The attention was tailored to the man—by a master tailor. James E. Murray of Montana, ranking Democratic member of the Senate Labor Committee in 1949, and, after 1951, chairman, was a liberal hero, and deservedly so. “He is a classic prototype of the New Deal,” a writer was to say, “as nearly pro-labor on all questions as it is possible to be…. To hear Senator Murray’s response when his name is reached on a roll-call is to know at once what the New Deal-Fair Deal position on an issue is.” But in 1949, Senator Murray was seventy-three years old. Once a broad-chested man, bursting with vitality, his stride was now slower, even at times a bit uncertain. And while he was not senile, his mind was not what it had been, and it preferred to dwell in the past, in the days of labor’s triumphs, in the days when it had found, in Franklin Roosevelt, its great champion. Sometimes—increasingly, to one who observed closely—when Murray was dealing with current issues, with current Senate maneuvers and stratagems, the Senator seemed a little tense, a little uncertain. Lyndon Johnson, who had been close to Roosevelt, close to Corcoran and Benjamin V. Cohen and the other young New Dealers with whom Murray had worked in the great days of the New Deal, would, in talking to Murray, turn the conversation to those days—and keep it there. It was noticeable how Murray, once he realized that it was to be kept there, relaxed and became his old charming self. It was noticeable how Murray’s face lit up when, entering the Senate cloakroom, he saw Lyndon Johnson there.

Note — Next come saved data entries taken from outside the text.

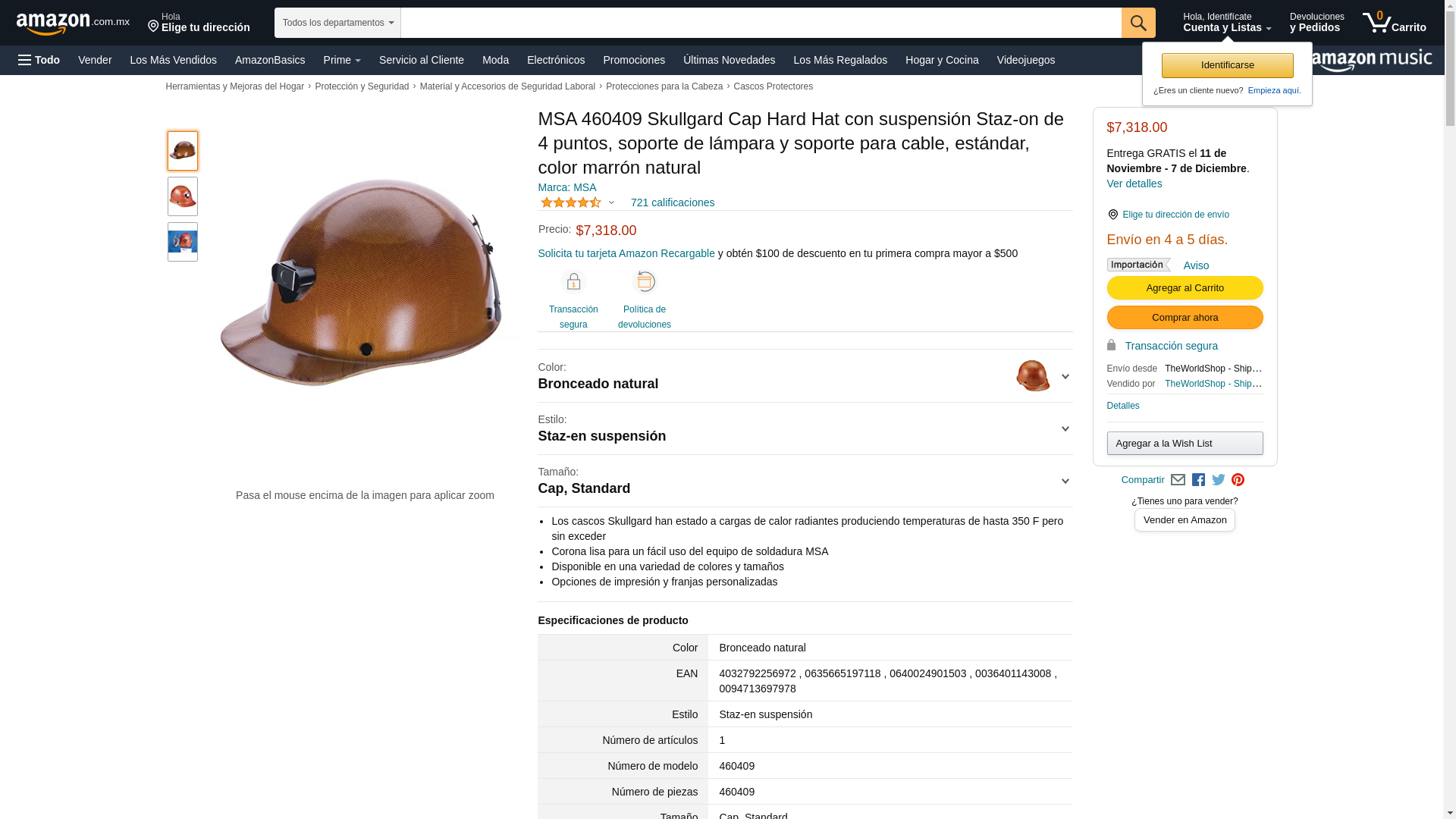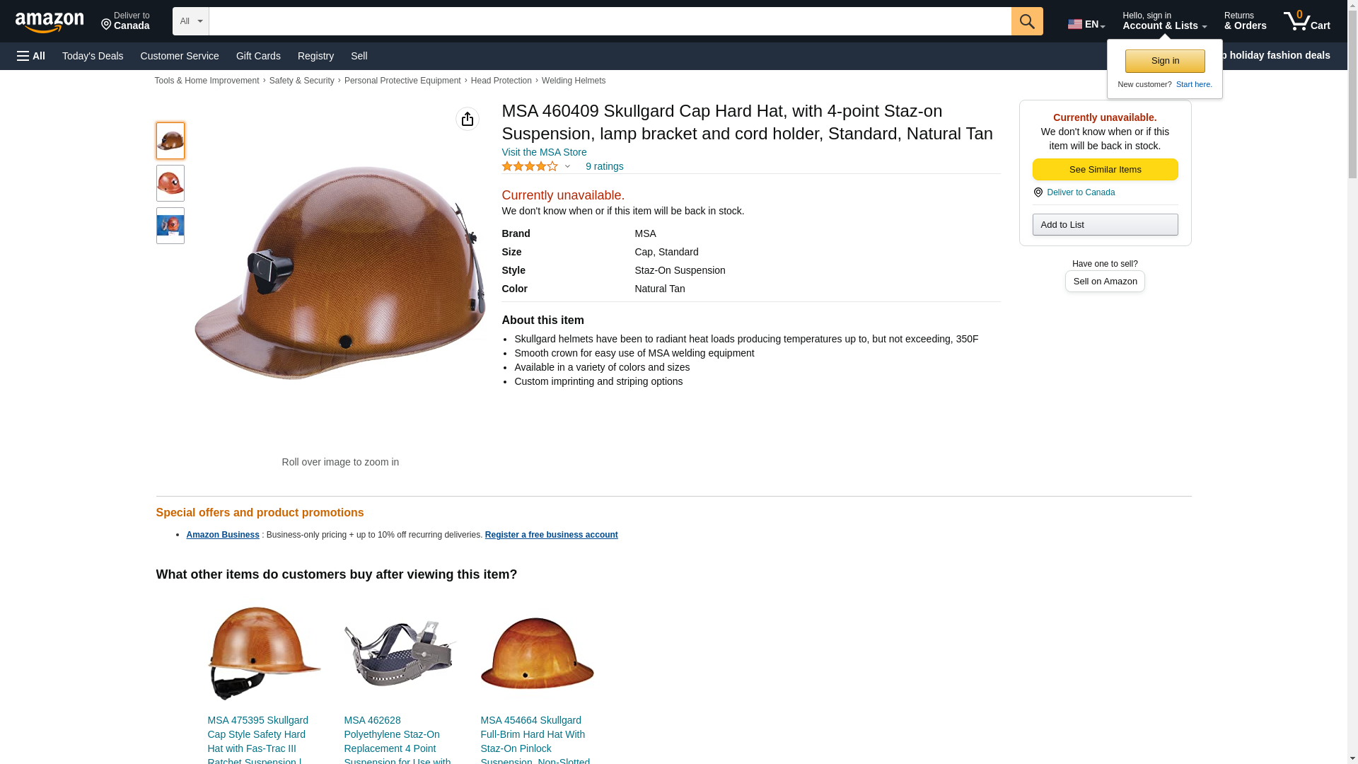 | Safety Equipment Store | MSA-460409 | 1 | -2 | 1 | 1 @ $168.00 |
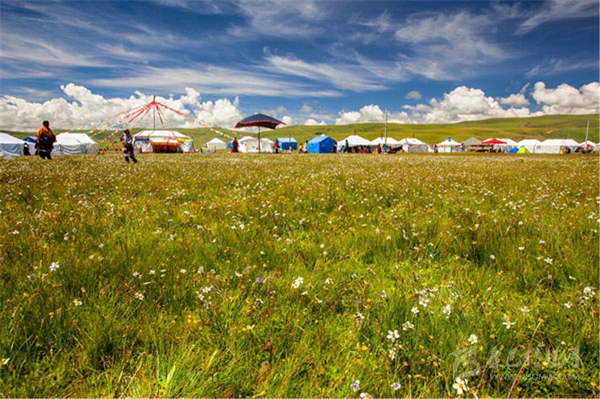 宗塔草原,宗塔草原是康區(qū)最美麗富饒的牧場,寬闊的草原上牛羊成群,帳篷頂頂,著名的康區(qū)狐獅神山滿載著歷史的印跡靜臥于草原中心,仿佛沉浸在無盡的朝拜中。每到夏季,百花爭艷斗奇,草原上先后開出黃、白、粉紅、藍(lán)、淡黃等不同顏色的野花,奇跡般地為草原定時換上盛裝,叫人疑為人間仙境,她真的不愧是獨(dú)具特色、名副其實(shí)的七彩草原。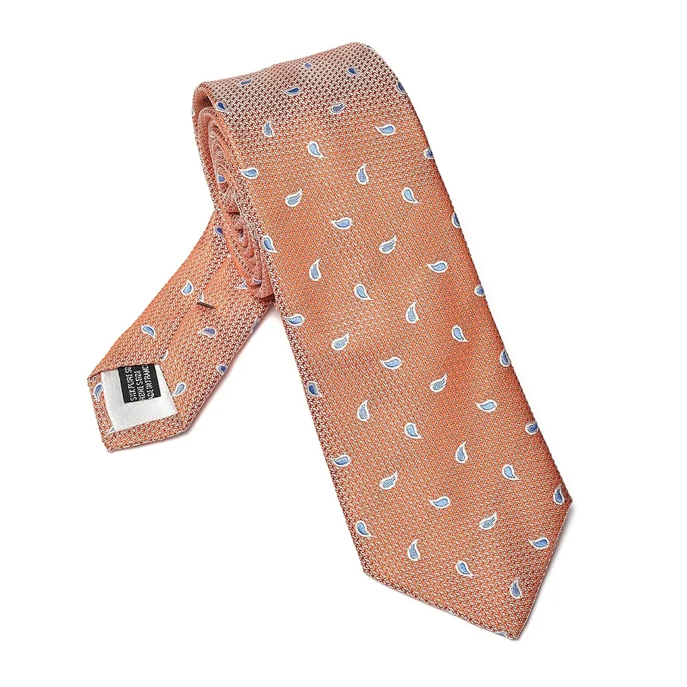 Elegancki pomarańczowy krawat Van Thorn w błękitne paisley

The question of deteriorating performance was handled, too. Reports were a constant of Senate life, and many senators did not have assistants capable of writing reports of which they would not be ashamed. Johnson did, and in the most delicate of terms, he would sometimes offer an older senator the services of such an aide.

Old men crave not only attention but affection, and Johnson did not forget that, instructing aides drafting letters to them for his signature to make the letters “real sweet.” Old men want to feel that the experience which has come with their years is valuable, that their advice is valuable, that they possess a sagacity that could be obtained only through experience—a sagacity that could be of use to young men if only young men would ask. Lyndon Johnson asked. “I want your counsel on something,” he would say to one of the Old Bulls. “I
need
your counsel.” And when the counsel was given—and of course it was given: who could resist so earnest an entreaty?—it was appreciated, with a gratitude rare in its intensity. He would pay another visit to the senator’s office to tell him how he had followed his advice, and how well it had worked. “Thank you for your counsel,” he would say to one senator. “I
needed
that counsel.” “Thank you for giving me just a little of your wisdom,” he would say to another senator. “I just don’t know what I would have done without it.” When one of the Old Bulls, asked for his advice, told Johnson that he didn’t know enough about the matter, Johnson would say, “Oh, I’ll rely on your judgment any time. Your judgment’s always
been
good.” And the earnestness—the outward sincerity—of his words, the obvious depth of his gratitude, made the words words that an old man might treasure.

In Senate as college, he proved the adage that no excess was possible. He gave gruff Edwin C. (Big Ed) Johnson of Colorado a nickname: “Mr. Wisdom,” and used it not only orally but in writing; once, when Big Ed was back in Colorado, Lyndon wrote him: “I certainly do miss the able counsel of Mr. Wisdom.” He used it not only in private but in public. “Boy, whenever you’re in trouble, the thing to do is go to Mr. Wisdom,” he would say, in Ed Johnson’s presence, to whoever else happened to be present. And beyond the specific flatteries and sweetnesses was Lyndon Johnson’s overall demeanor with the Old Bulls: a deference, an obsequiousness, a “fawning” and “bootlicking” so profound that more than one Senate staffer likened him to the same Dickens character. “During Lyndon Johnson’s early days in the Senate, he was a real Uriah Heep,” says Paul Douglas’ administrative assistant, Howard Shuman.